秘书长深吸一口气,仿佛要对抗这吞噬一切的绝望。他走到巨大的星图前,伸出手指,指向那颗在三颗恒星引力撕扯下不断变形、拉伸的可怜行星,以及旁边那颗冰冷的、银白色的“月亮”:
“诸位,这就是‘大撕裂’的真相,是我们上一个文明周期——第191号文明——所经历的最终命运。” 他的声音带着历史的尘埃和血腥味,“当‘飞星不动’这种极端稳定的、实则是死亡前奏的恐怖天象持续过久,意味着我们的行星被牢牢锁定在某个致命的引力平衡点附近。
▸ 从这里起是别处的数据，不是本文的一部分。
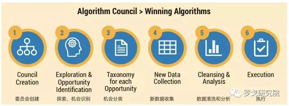 数字化供应链研究院(DSCI)为推进人工智能和算法成为数字化供应链的核心和大脑,特别成立了算法委员会。同时指出能快速开发和管理专有智能算法的公司将更具竞争力,并有能力获胜。下面图5给出了算法委员会成功的六个步骤。

恒星那无法抗拒、差异巨大的引力潮汐,最终将我们的世界像揉捏橡皮泥一样撕扯、拉伸,直至突破洛希极限……硬生生,一分为二!” 他的手指划过星图上行星被撕裂的模拟动画,“那颗如今悬挂在我们天空的冰冷伴星,就是191号文明最后的墓碑,上面至今残留着他们辉煌的都市、壮丽的河山、以及瞬间凝固的亿万生灵的绝望。它是引力暴政永恒的见证。”
“这就是……引力潮汐版的‘忒伊亚事件’,但规模是天壤之别……”星低声感叹,修正了之前过于简单的联想,心中充满了对宇宙残酷性的凛然。
秘书长的手移向旁边一面巨大的、占据了整面墙的虚拟显示屏。上面展示着一棵极其复杂的“生命之树”示意图,旁边配着详细的地质年代分层和生物演化阶段标记。
“那一次撕裂,毁灭得最为彻底,几乎抹去了一切痕迹。” 他的语气稍缓,带上了一丝敬畏,“但生命……这宇宙间最顽强的奇迹,这对抗熵增的微小烛火,依然在行星分裂后相对稳定的碎片上,在放射性尘埃落定后的夹缝里,在废墟和焦土之上,重新萌芽,从最原始的形态开始,经历难以想象的磨难,一步一步,艰难地进化、繁衍、直至……重新点燃文明的火种,走到了今天。” 星清晰地看到,那示意图上的年代划分——从“冥古宙”的炽热荒芜,到“寒武纪”的生命爆发,再到“新生代”的哺乳动物崛起——以及旁边标注的主要生物类型演化,几乎就是地球生命演化史的翻版,只是时间尺度被极大地压缩和戏剧化了。三体世界在如此真实地模拟地球的历史进程!这个认知让她脊背发凉,这暗示背后的目的,细思极恐。
汪淼(哥白尼)强迫自己从数学无解的绝望和生命顽强带来的震撼中挣脱出来,提出了一个更加务实、或许是目前唯一可行的方向: “既然预测未来、寻找永恒解已证明是徒劳,我们是否应该彻底转变思路?放弃解开三体问题这个‘戈尔迪之结’,转而倾尽我们所有的智慧、资源和勇气,去研究如何在根本无法预测的‘乱纪元’与‘恒纪元’的疯狂交替中……活下去?如何建造更坚固的庇护所?如何发展出能快速脱水或复苏的生命形态?如何储存知识和文明的火种?”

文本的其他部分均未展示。